[Dataset records]

Content starts

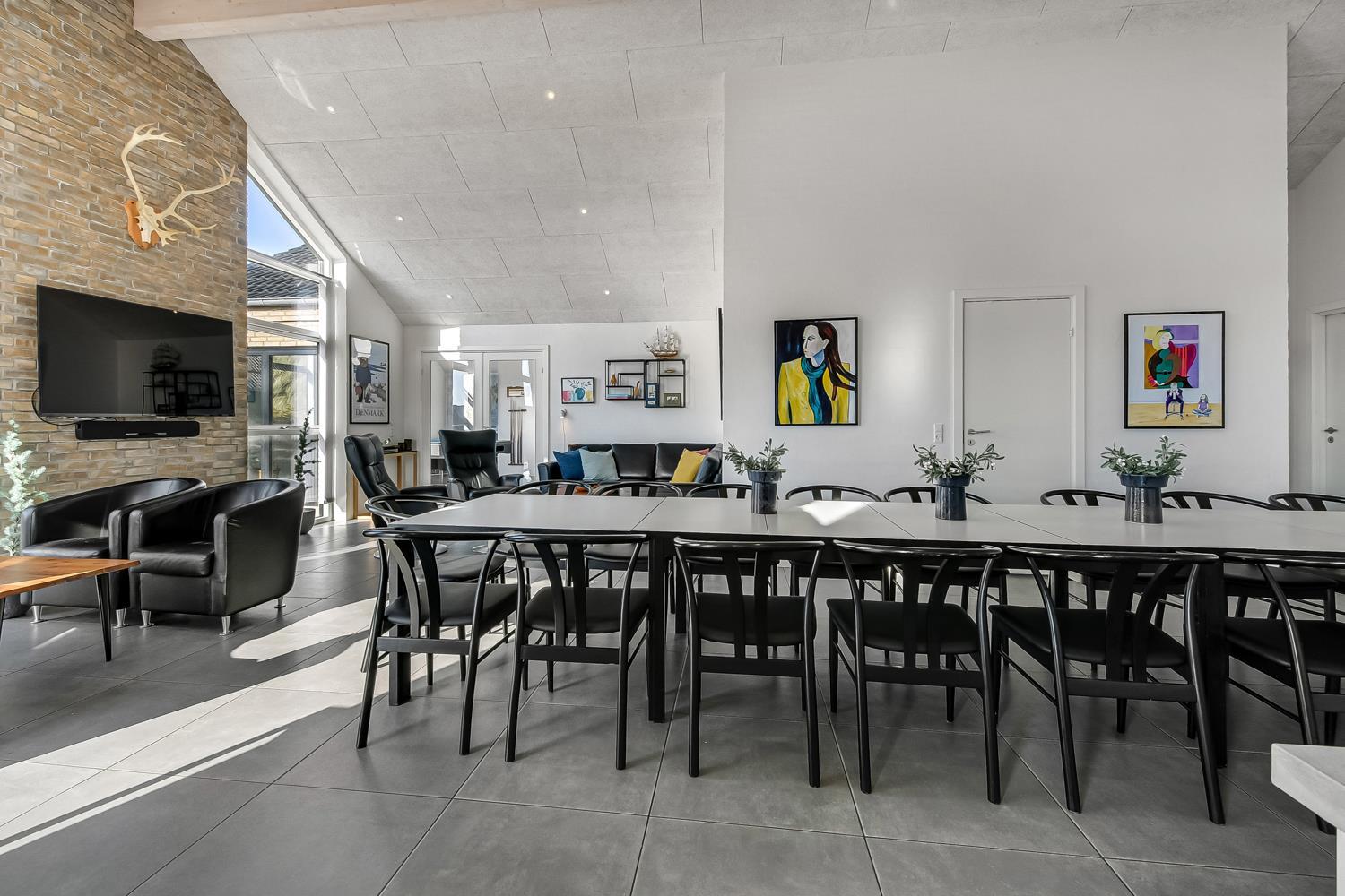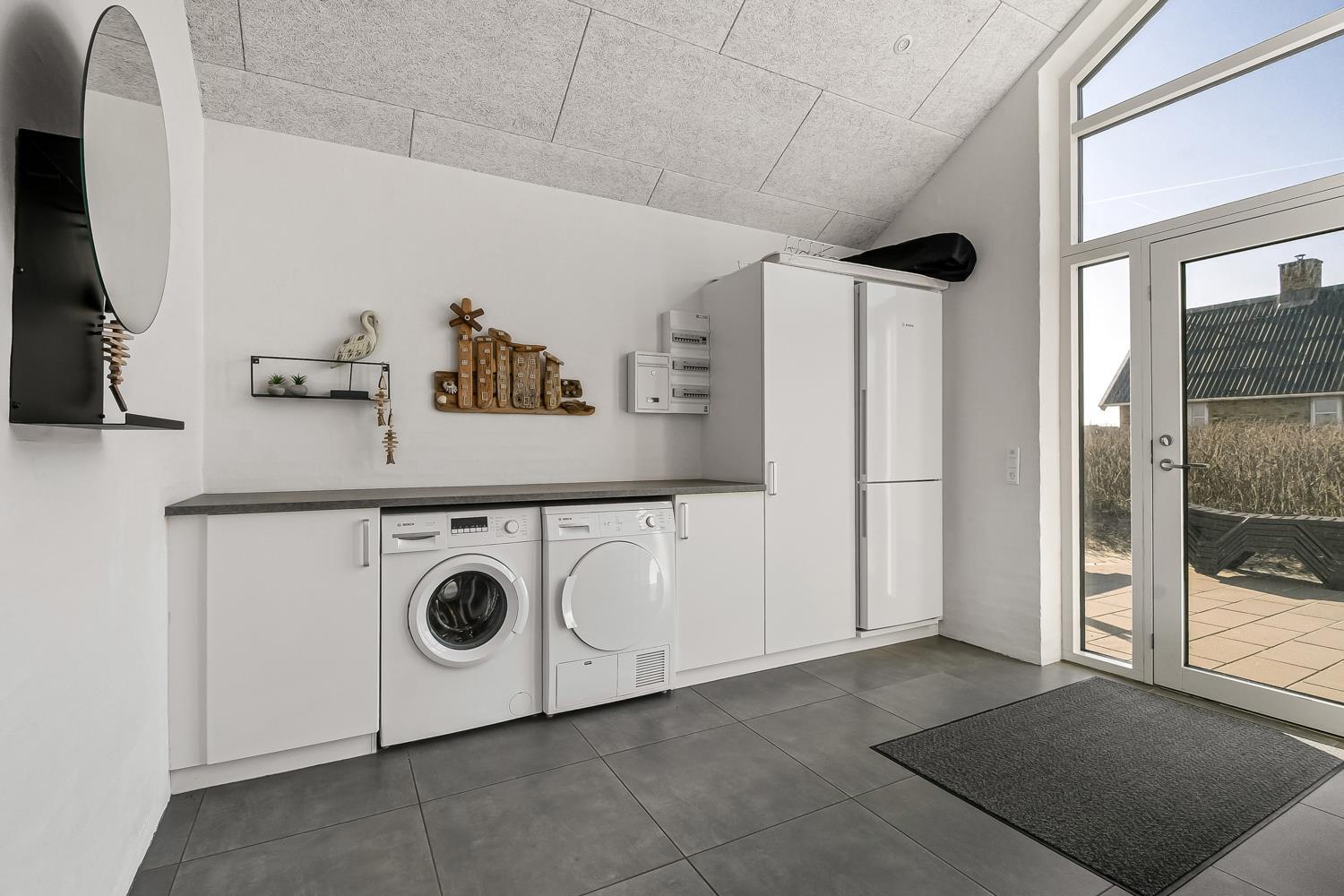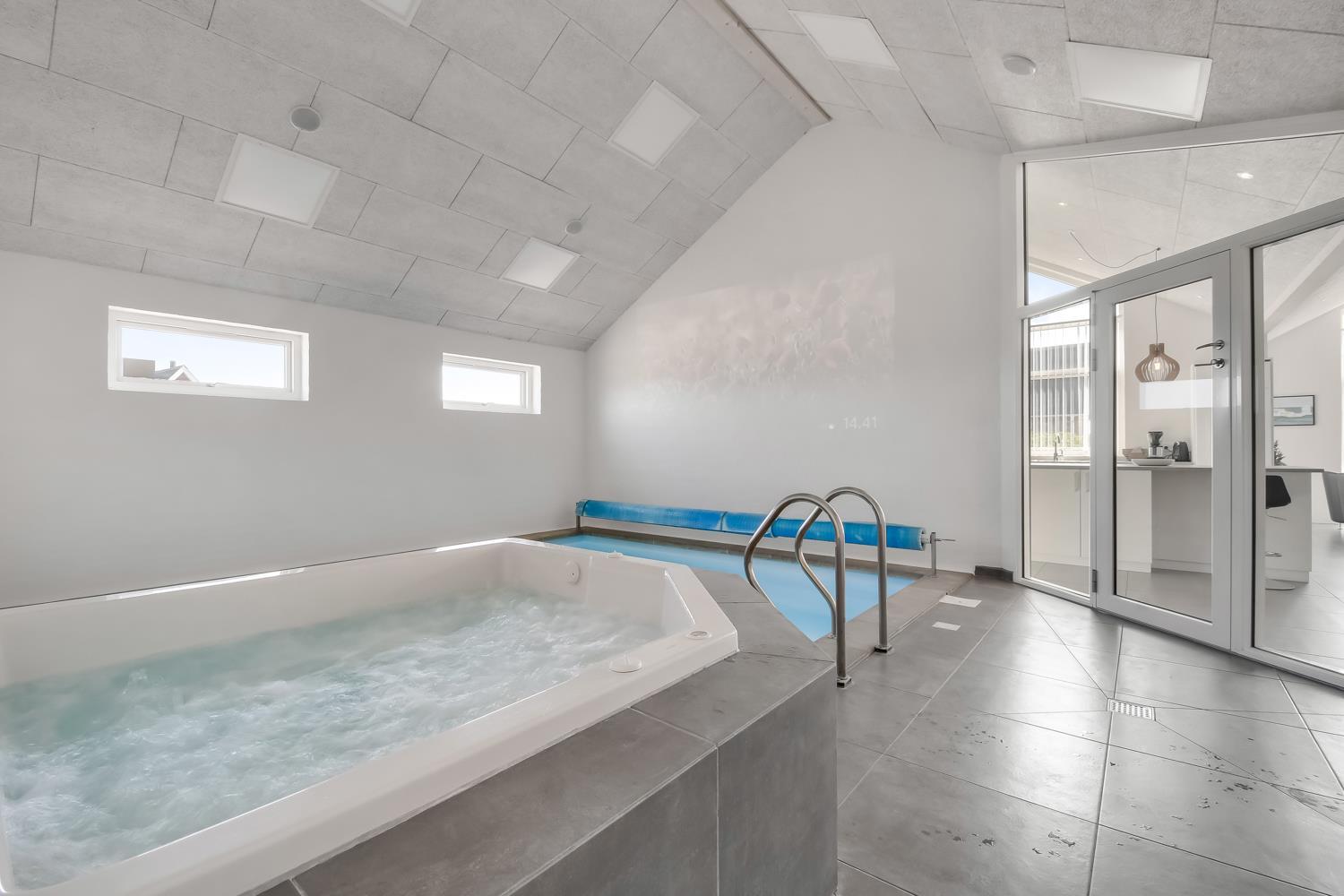 Husets store wellness / pool afdeling rummer også spabad, baderum og separat toilet. Der er indbygget projektor som gør at man kan se TV på huset store hvide væg, mens man er i poolen eller sidder i spabadet. En dejlig, flot sauna med separat indgang udefra. Aktivitetsrummet har kombineret poolbord og bordtennis samt nye lædermøbler og endnu et smart-TV magen til det første og med samme muligheder. m.m. 2 badeværelser, med toilet, bruser, håndvask samt gulvvarme og herudover er der et toilet med håndvask samt separat baderum i poolafdelingen. Stor entré byder velkommen og her er der Vaskemaskine og tørretumbler separat fryseskab. Til børnene er der barneseng og barnestol. Nyt luft til vand anlæg gør huset særdeles energivenligt og bevirker også et billigere forbrug Max. 2 husdyr er tilladt. Huset lejes ikke ud til ungdomsgrupper. Depositum i vintersæson kr. 7000 og sommersæson kr. 3500. Har man el-bil eller en Plug-In hybrid, så er der opsat ladeboks.
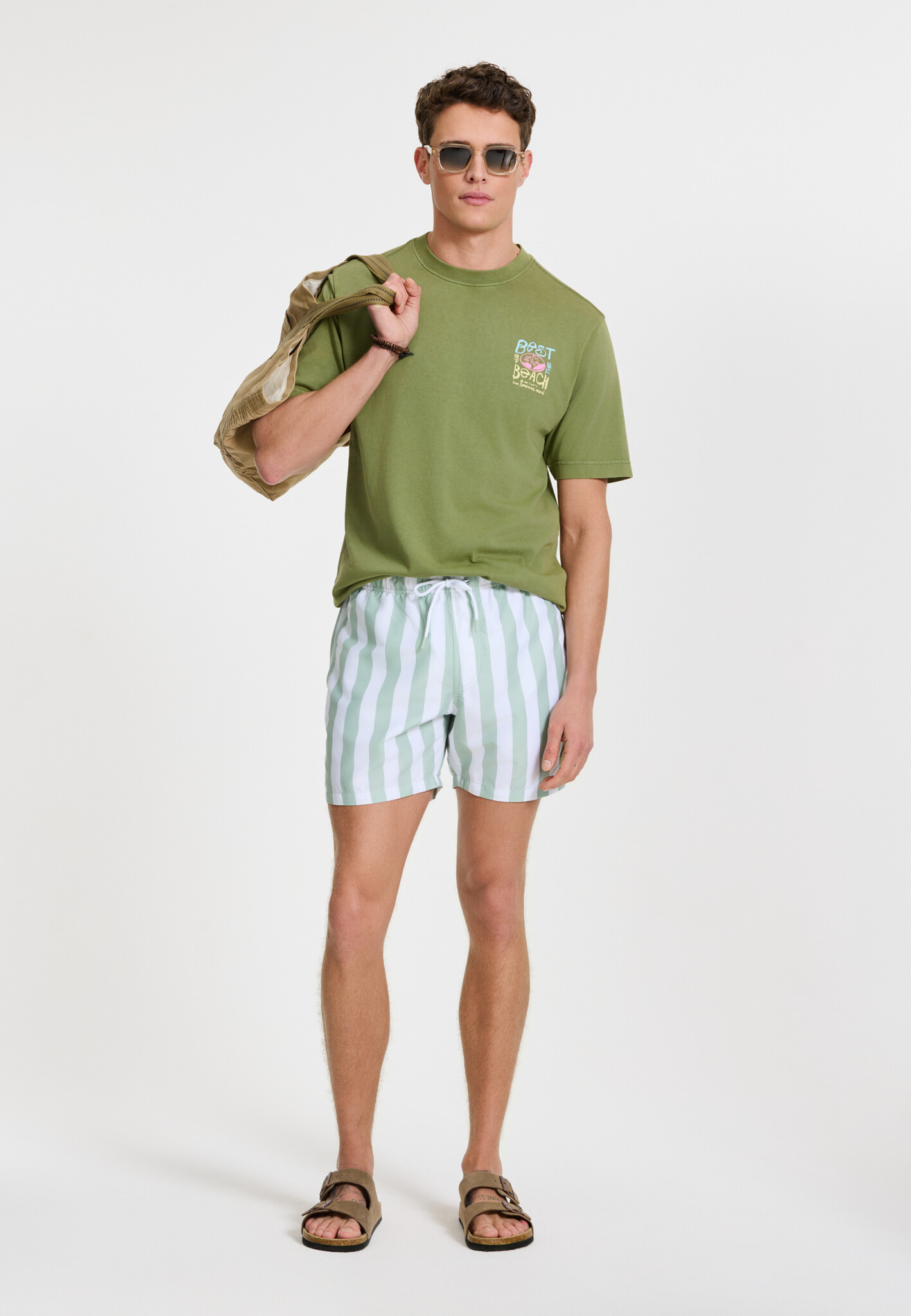 Shiwi Heren Zwemshort Broad Stripe Lichtgroen/Wit
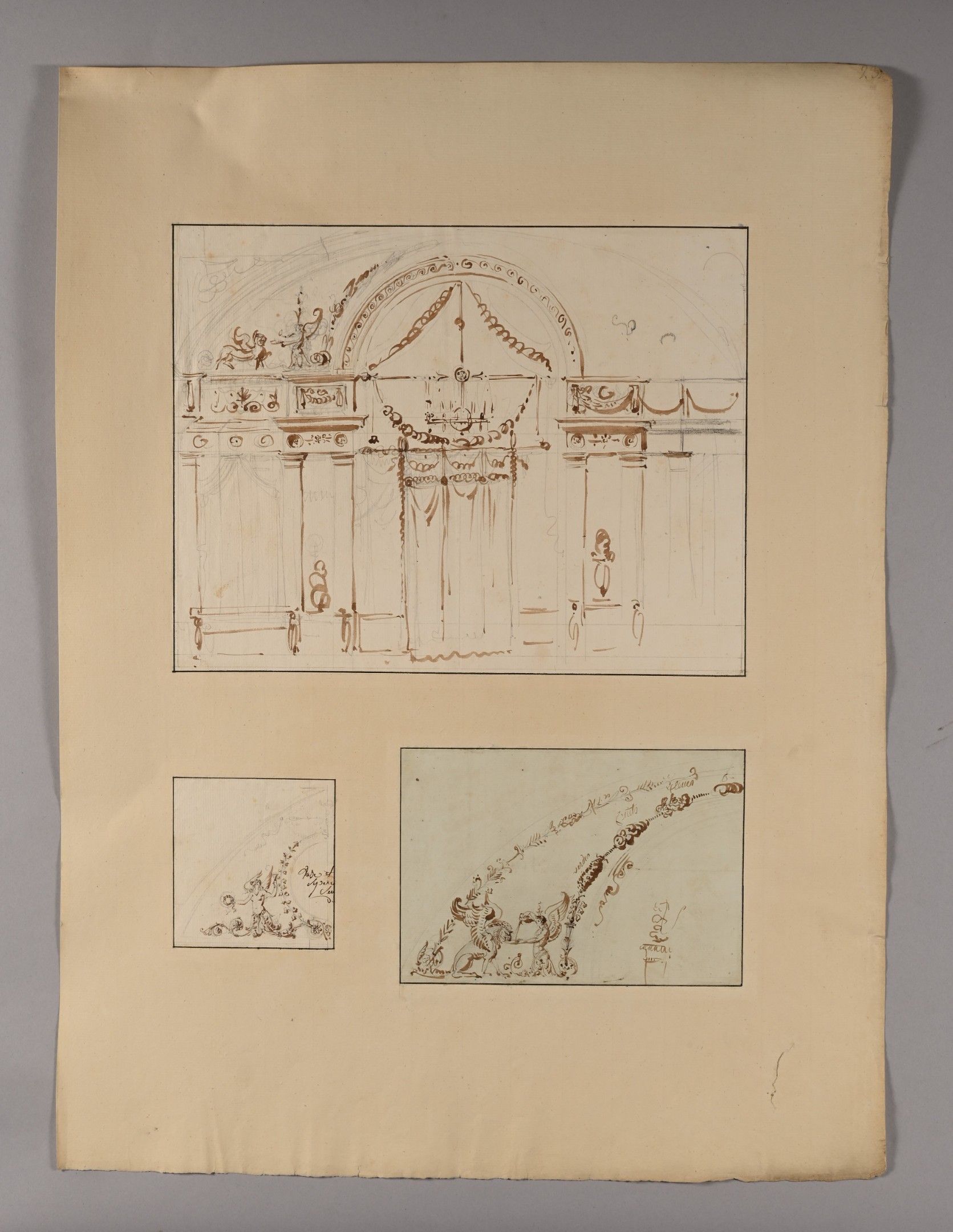 Seven drawings on three mounts, pen and black and brown ink, grey and brown wash, watercolour over black stone lines, some on tracing paper.
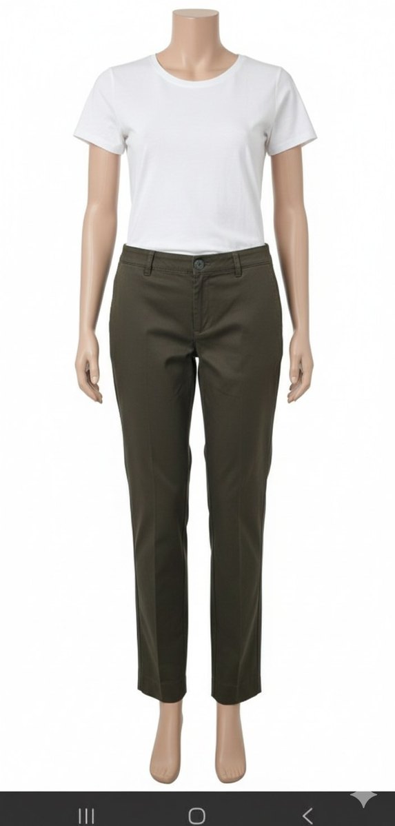 Kadınlar için normal boyda, regular fit Haki kumaş pantolon.Çok rahat esnek bir kumaş.Pantolonun arkası lastikli.Alana hayırlı olsun.
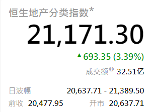 本周早些时候冲高回落的内房股在日内几乎集体急升,地产分类指数大幅飙升近700点,涨幅达到逾3%。早段碧桂园(2007.HK)曾急升26.4%报1.82元,最新仍升近两成四;碧桂园服务(6098.HK)升一成三;龙湖(0960.HK)升逾20%;旭辉(0884.HK)劲升四成三。
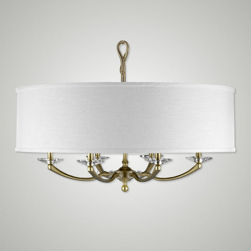 Details:Product Type: Drum ShadeFinish: Old BrassShade: Hard Linen Hard Back Fabric ShadeCrystal: G - Precision Clear Glacial Drop CrystalRooms: Di...

Content ends

Leave out all pictures and retype precisely the lines that run from the line containing "Kadınlar için normal" to the last line of the records.

WRITTEN REPLY.
 Kadınlar için normal boyda, regular fit Haki kumaş pantolon.Çok rahat esnek bir kumaş.Pantolonun arkası lastikli.Alana hayırlı olsun.
 本周早些时候冲高回落的内房股在日内几乎集体急升,地产分类指数大幅飙升近700点,涨幅达到逾3%。早段碧桂园(2007.HK)曾急升26.4%报1.82元,最新仍升近两成四;碧桂园服务(6098.HK)升一成三;龙湖(0960.HK)升逾20%;旭辉(0884.HK)劲升四成三。
 Details:Product Type: Drum ShadeFinish: Old BrassShade: Hard Linen Hard Back Fabric ShadeCrystal: G - Precision Clear Glacial Drop CrystalRooms: Di...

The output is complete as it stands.